*What the task requires*. Make an exact copy of all the records that follow, apart from the pictures.

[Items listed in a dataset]
───
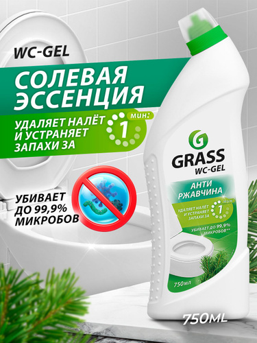 Средство для унитаза, туалета, сантехники от ржавчины и камня GRASS WC-gel 1л
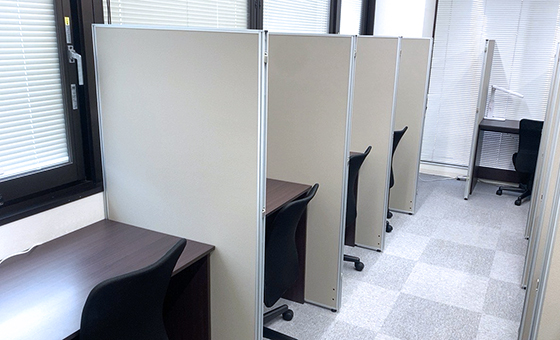 集中力を高めるために、落ち着きとリラックス効果があるダークブラウンの机に統一し、パーテーションも勉強の効率が上がるようにグレーを採用しています。
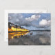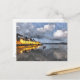 Uma bela aquarela do porto costeiro da aldeia galesa de Aberdyfi. Nuvens e barcos refletidos na maré noturna e luzes brilham dos edifícios.
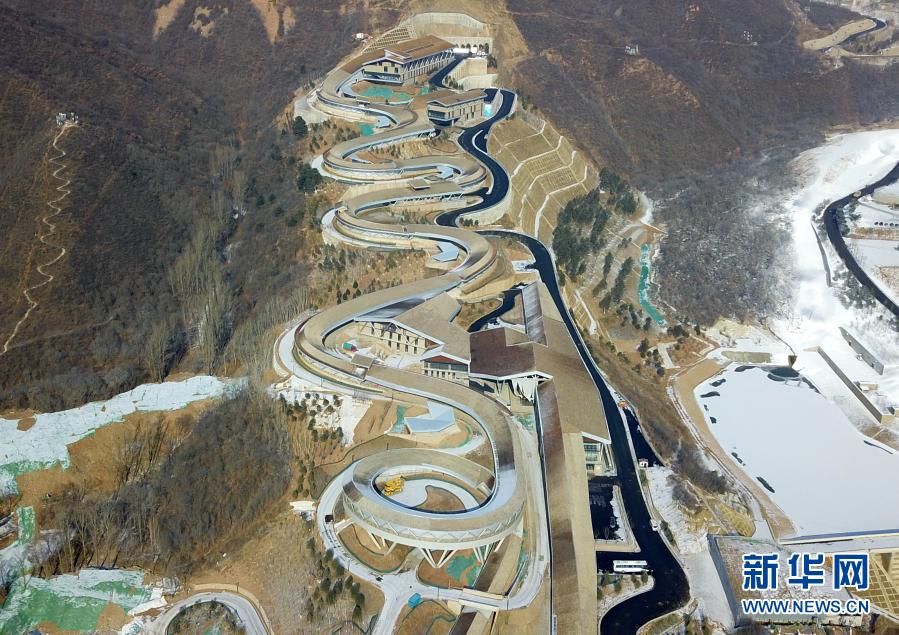这是2020年12月21日拍摄的国家跳台滑雪中心(无人机照片)。新华社记者 杨世尧 摄 延庆赛区小海陀山仍戴雪冠。国家高山滑雪中心赛道从山端直泻而下,11条缆车索道将场馆区域串联,山脚下的国家雪车雪橇中心宛若巨龙盘卧,冬奥村和山地新闻中心掩映于山林之间。 张家口赛区,一柄中国传统饰物“如意”嵌于林海雪原,古老东方文明的馨香从我国首座符合国际标准的跳台滑雪场里悠然沁出;国家越野滑雪中心、国家冬季两项中心、云顶滑雪公园四散分布,漫步廊道缀珠成串俨然“冰玉环”。 “跳台滑雪赛道本身就是一个很光滑、很流畅的S形曲线,你可以说它是一个飘带,更形象的表达就是我们中国文化元素中的‘如意’。”张家口赛区总设计师、清华大学建筑学院院长张利这样介绍“雪如意”的设计初衷。
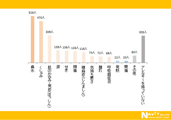 アレルギーで出る症状を複数回答可で質問したところ「鼻水」526人、「くしゃみ」470人、「肌のかゆみ・発疹」309人が上位を占めました。
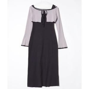 ワンピース 異素材ドッキングバックレースアップニットワンピース
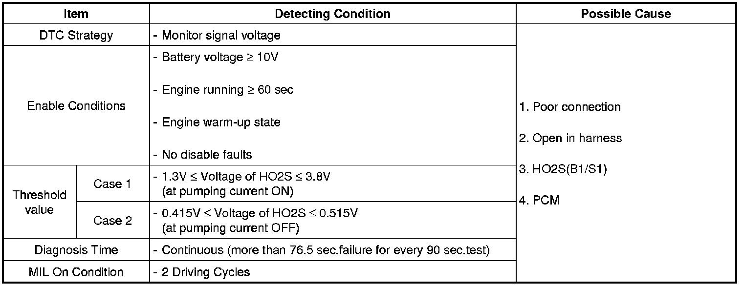 After warming-up, if accelerator pedal is released suddenly around 4000 rpm, the HO2S signal reading will be lower than 200 mV resulting from Fuel cut-off for the moment. Conversely, if suddenly accelerator pedal is depressed, HO2S signal reading will be around 0.6 V ~1.0 V. At idle, Normally HO2S signal will switch from lean to rich with 3 Hz. And as racing, Its frequency rises.
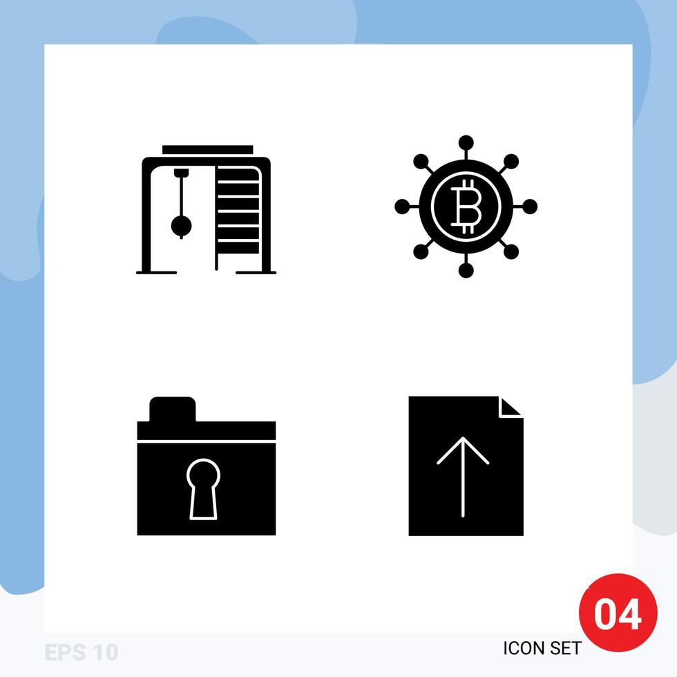 4 User Interface Solid Glyph Pack of modern Signs and Symbols of athletic document game folder upload Editable Vector Design Elements
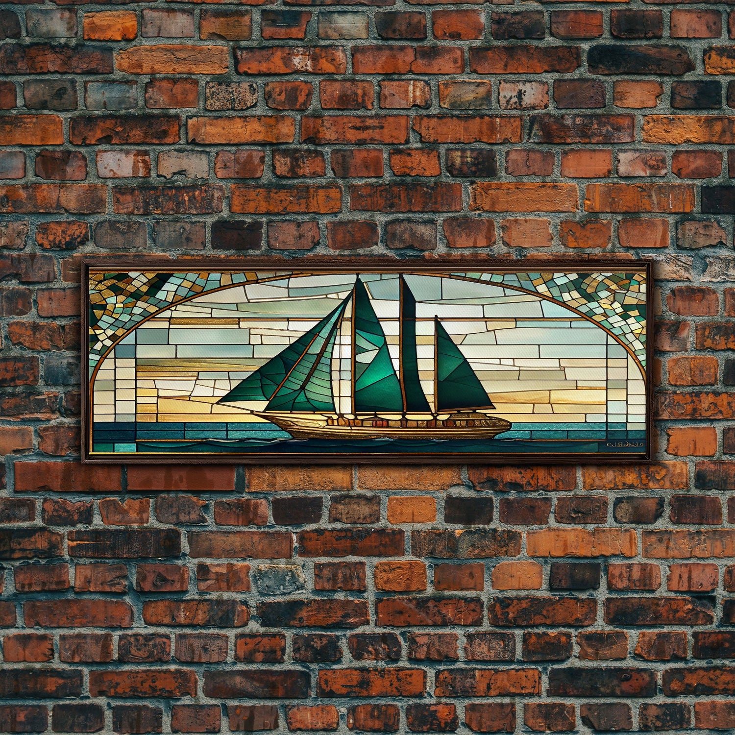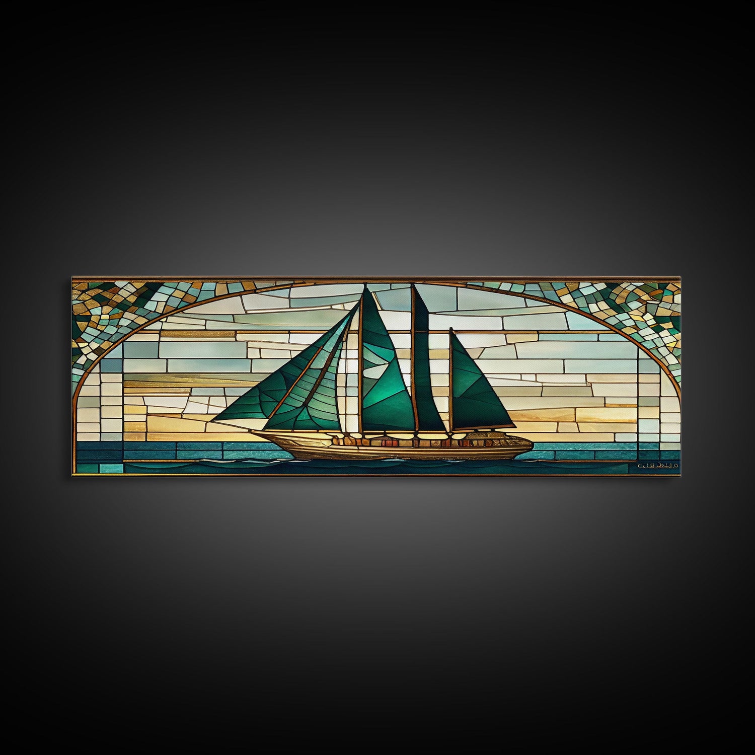 Panoramic Art Deco Sail Boat, Stained Glass, Early 20s Style Art, Roarin' 20s Art, Nautical Theme Framed Canvas Print, Extra Large Art - 10x30 Inches / No Frame - Stretched Canvas Only is backordered and will ship as soon as it is back in stock.
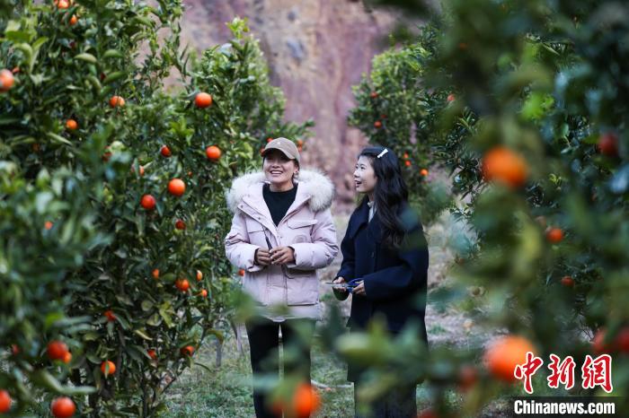 12月20日,冬至前夕,西藏自治區(qū)昌都市芒康縣納西民族鄉(xiāng)加達(dá)村橘子園里一片繁忙景象。納西民族鄉(xiāng)地處瀾滄江河谷,以山地為主,瀾滄江穿境而過,河谷地帶土地肥沃,黃澄澄的康巴蜜橘掛滿枝頭,果農(nóng)們穿梭其中,熟練地采摘已成熟的果實。圖為游客在橘子園中自拍留念。中新社記者 薛蒂 攝
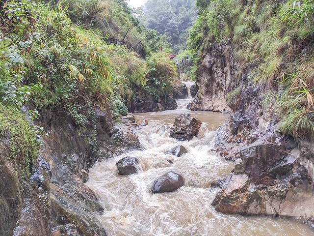 一直往上,没过多久就到最大的热祸,热气与湿气同时相遇,烟雾云绕。看到有工作人员从池子打捞过来的沸水,直接倒入小桶内,旁边 也有一处免费代客煮蛋的服务告示,温泉是这里的特色,但99度的水不能直接泡,于是景区想出一个办法 ,在旁边的空地上建起了一处泡脚的地儿,找来技师和药包等,形成了一个天然的按摩泡脚场,普通泡一次要四十元,加入药包五十八,还有按摩等,都是明码标价,自愿消费。
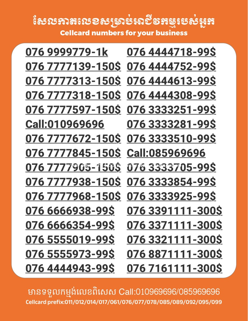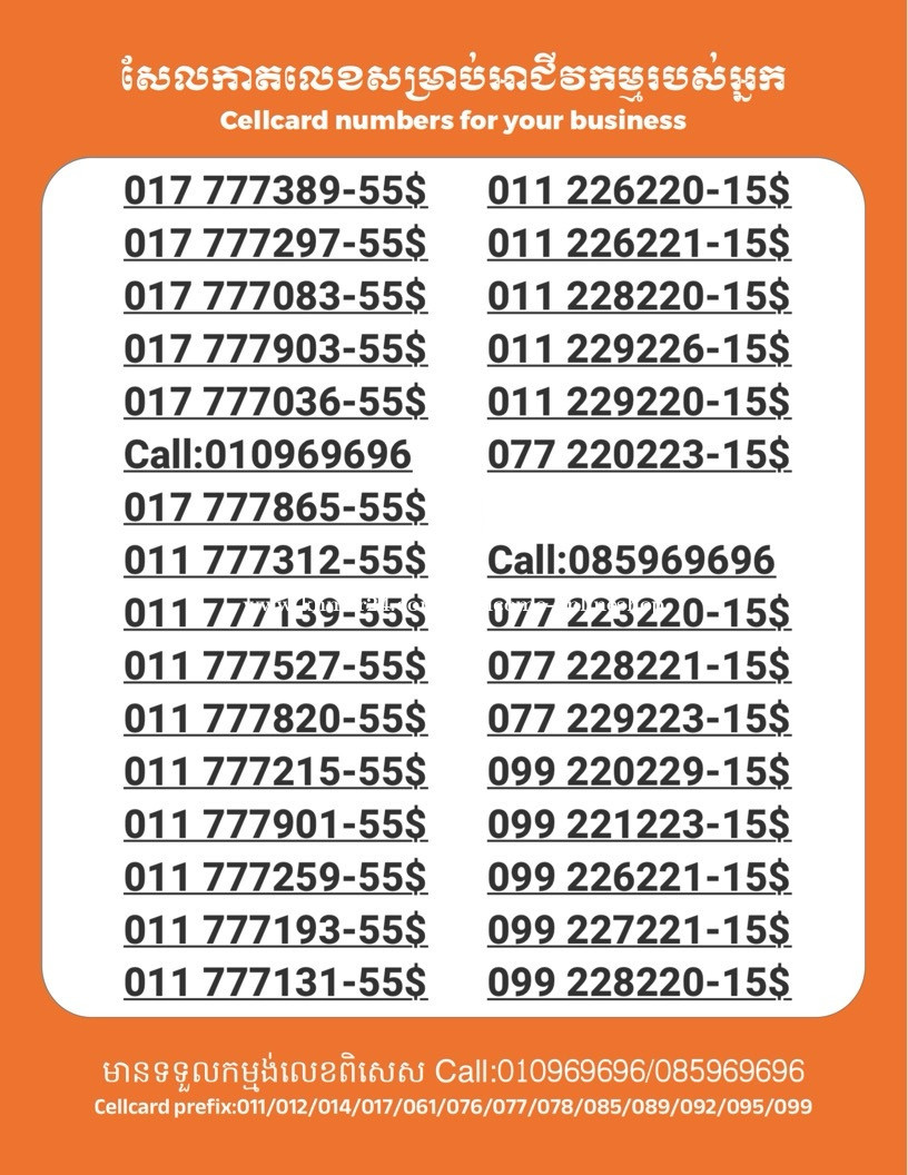 មានលក់លេខពិសេស មានទទួលកម្មង់លេខពិសេស មានលក់ម៉ាស៊ីនព្រីនឡាបែលចល័ត មានលក់ម៉ាស៊ីនព្រីនវិក័យប័ត្រចល័ត មានលក់សម្ភារៈប្រើប្រាស់ក្នុងគ្រួសារ Smart Prime II 1=30$ Smart hero 1=40$ ទូរសព្ទថ្មីក្នុងប្រអប់ លក់ធូរៗរហូតអស់ពីស្តុក អាចប្រើជាឧបករណ៍សម្រាប់ស៊ែរ wifi បាន ទំនាក់ទំនង(ខ្មែរ | English | 中文):010969696 | 085969696 Telegram: https://t.me/W9696 Telegram group: https://t.me/konkonnada អាសយដ្ឋាន:ផ្ទះលេខ២៣ ផ្លូវបេតុងលេខ១ ភូមិទួលពង្រ សង្កាត់ចោមចៅ ខណ្ឌពោធិ៍សែនជ័យ រាជធានីភ្នំពេញ ទីតាំង https://goo.gl/maps/8moqW4iTHUfJEvWQ9 ដើម្បីស្វែងរកលេខអាជីវកម្មដែលលោកអ្នកពេញចិត្ត សូមចូលទៅកាន់:https://www.khmer24.com/Welcome-onlineshop
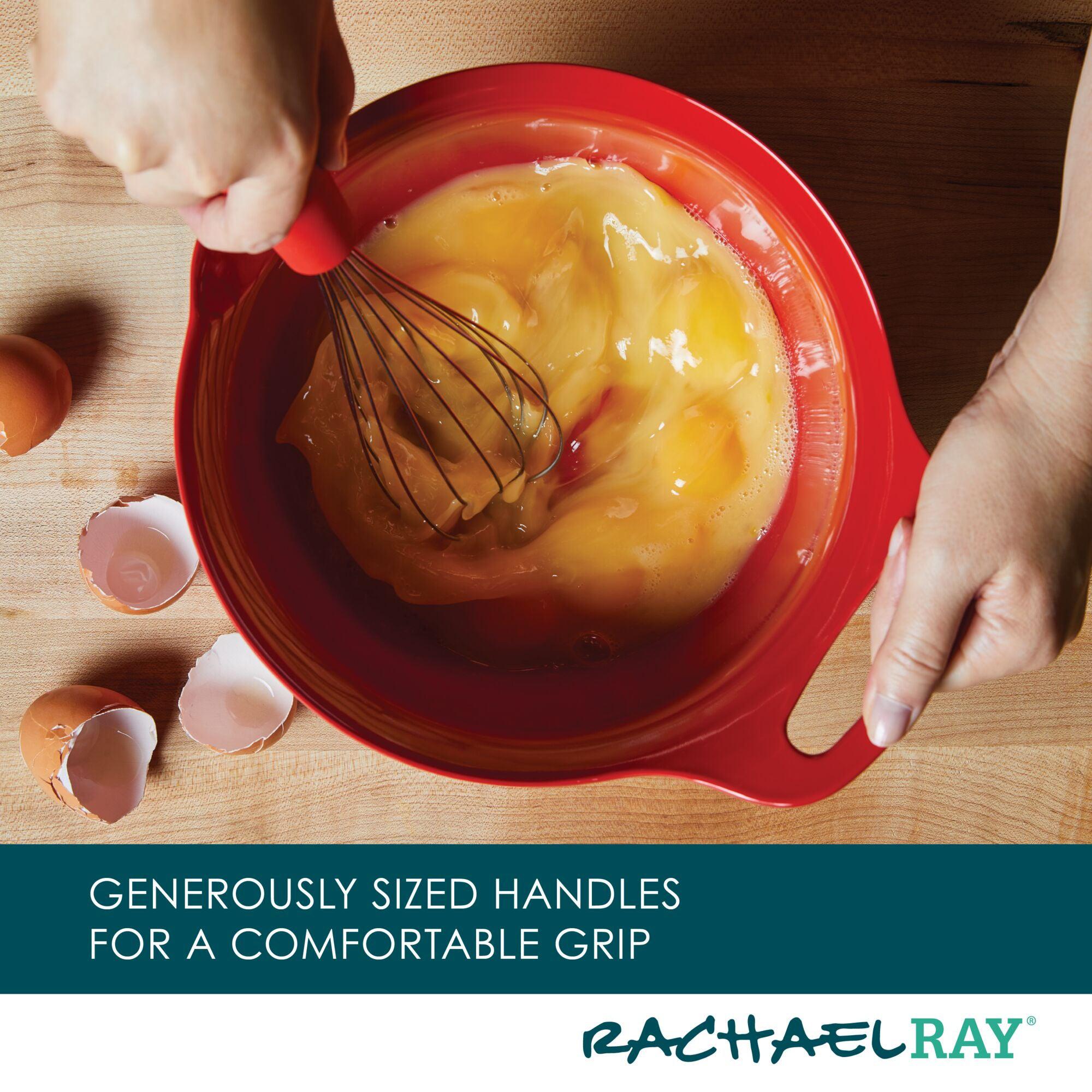 Mix pancake batter or dress side salads with these durable melamine nesting mixing bowls. Built-in pour spouts make it easy to get every last drop while the rubberized bottom keeps the bowls from slipping on countertops. Top-rack dishwasher safe for an easy cleanup.
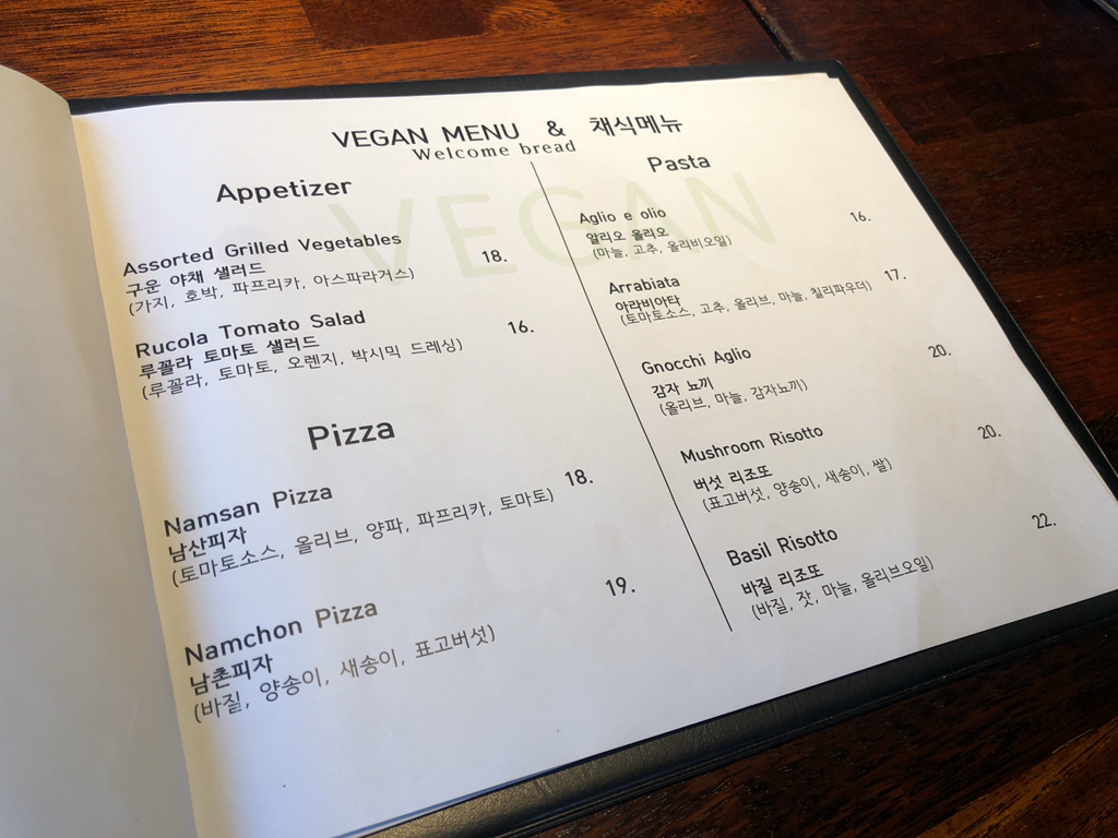 비건음식 코스요리로 먹을수 있는곳. 가격대 꽤 있음.
───
*Completed task*.
 Средство для унитаза, туалета, сантехники от ржавчины и камня GRASS WC-gel 1л
 集中力を高めるために、落ち着きとリラックス効果があるダークブラウンの机に統一し、パーテーションも勉強の効率が上がるようにグレーを採用しています。
 Uma bela aquarela do porto costeiro da aldeia galesa de Aberdyfi. Nuvens e barcos refletidos na maré noturna e luzes brilham dos edifícios.
这是2020年12月21日拍摄的国家跳台滑雪中心(无人机照片)。新华社记者 杨世尧 摄 延庆赛区小海陀山仍戴雪冠。国家高山滑雪中心赛道从山端直泻而下,11条缆车索道将场馆区域串联,山脚下的国家雪车雪橇中心宛若巨龙盘卧,冬奥村和山地新闻中心掩映于山林之间。 张家口赛区,一柄中国传统饰物“如意”嵌于林海雪原,古老东方文明的馨香从我国首座符合国际标准的跳台滑雪场里悠然沁出;国家越野滑雪中心、国家冬季两项中心、云顶滑雪公园四散分布,漫步廊道缀珠成串俨然“冰玉环”。 “跳台滑雪赛道本身就是一个很光滑、很流畅的S形曲线,你可以说它是一个飘带,更形象的表达就是我们中国文化元素中的‘如意’。”张家口赛区总设计师、清华大学建筑学院院长张利这样介绍“雪如意”的设计初衷。
 アレルギーで出る症状を複数回答可で質問したところ「鼻水」526人、「くしゃみ」470人、「肌のかゆみ・発疹」309人が上位を占めました。
 ワンピース 異素材ドッキングバックレースアップニットワンピース
 After warming-up, if accelerator pedal is released suddenly around 4000 rpm, the HO2S signal reading will be lower than 200 mV resulting from Fuel cut-off for the moment. Conversely, if suddenly accelerator pedal is depressed, HO2S signal reading will be around 0.6 V ~1.0 V. At idle, Normally HO2S signal will switch from lean to rich with 3 Hz. And as racing, Its frequency rises.
 4 User Interface Solid Glyph Pack of modern Signs and Symbols of athletic document game folder upload Editable Vector Design Elements
 Panoramic Art Deco Sail Boat, Stained Glass, Early 20s Style Art, Roarin' 20s Art, Nautical Theme Framed Canvas Print, Extra Large Art - 10x30 Inches / No Frame - Stretched Canvas Only is backordered and will ship as soon as it is back in stock.
 12月20日,冬至前夕,西藏自治區(qū)昌都市芒康縣納西民族鄉(xiāng)加達(dá)村橘子園里一片繁忙景象。納西民族鄉(xiāng)地處瀾滄江河谷,以山地為主,瀾滄江穿境而過,河谷地帶土地肥沃,黃澄澄的康巴蜜橘掛滿枝頭,果農(nóng)們穿梭其中,熟練地采摘已成熟的果實。圖為游客在橘子園中自拍留念。中新社記者 薛蒂 攝
 一直往上,没过多久就到最大的热祸,热气与湿气同时相遇,烟雾云绕。看到有工作人员从池子打捞过来的沸水,直接倒入小桶内,旁边 也有一处免费代客煮蛋的服务告示,温泉是这里的特色,但99度的水不能直接泡,于是景区想出一个办法 ,在旁边的空地上建起了一处泡脚的地儿,找来技师和药包等,形成了一个天然的按摩泡脚场,普通泡一次要四十元,加入药包五十八,还有按摩等,都是明码标价,自愿消费。
 មានលក់លេខពិសេស មានទទួលកម្មង់លេខពិសេស មានលក់ម៉ាស៊ីនព្រីនឡាបែលចល័ត មានលក់ម៉ាស៊ីនព្រីនវិក័យប័ត្រចល័ត មានលក់សម្ភារៈប្រើប្រាស់ក្នុងគ្រួសារ Smart Prime II 1=30$ Smart hero 1=40$ ទូរសព្ទថ្មីក្នុងប្រអប់ លក់ធូរៗរហូតអស់ពីស្តុក អាចប្រើជាឧបករណ៍សម្រាប់ស៊ែរ wifi បាន ទំនាក់ទំនង(ខ្មែរ | English | 中文):010969696 | 085969696 Telegram: https://t.me/W9696 Telegram group: https://t.me/konkonnada អាសយដ្ឋាន:ផ្ទះលេខ២៣ ផ្លូវបេតុងលេខ១ ភូមិទួលពង្រ សង្កាត់ចោមចៅ ខណ្ឌពោធិ៍សែនជ័យ រាជធានីភ្នំពេញ ទីតាំង https://goo.gl/maps/8moqW4iTHUfJEvWQ9 ដើម្បីស្វែងរកលេខអាជីវកម្មដែលលោកអ្នកពេញចិត្ត សូមចូលទៅកាន់:https://www.khmer24.com/Welcome-onlineshop
 Mix pancake batter or dress side salads with these durable melamine nesting mixing bowls. Built-in pour spouts make it easy to get every last drop while the rubberized bottom keeps the bowls from slipping on countertops. Top-rack dishwasher safe for an easy cleanup.
 비건음식 코스요리로 먹을수 있는곳. 가격대 꽤 있음.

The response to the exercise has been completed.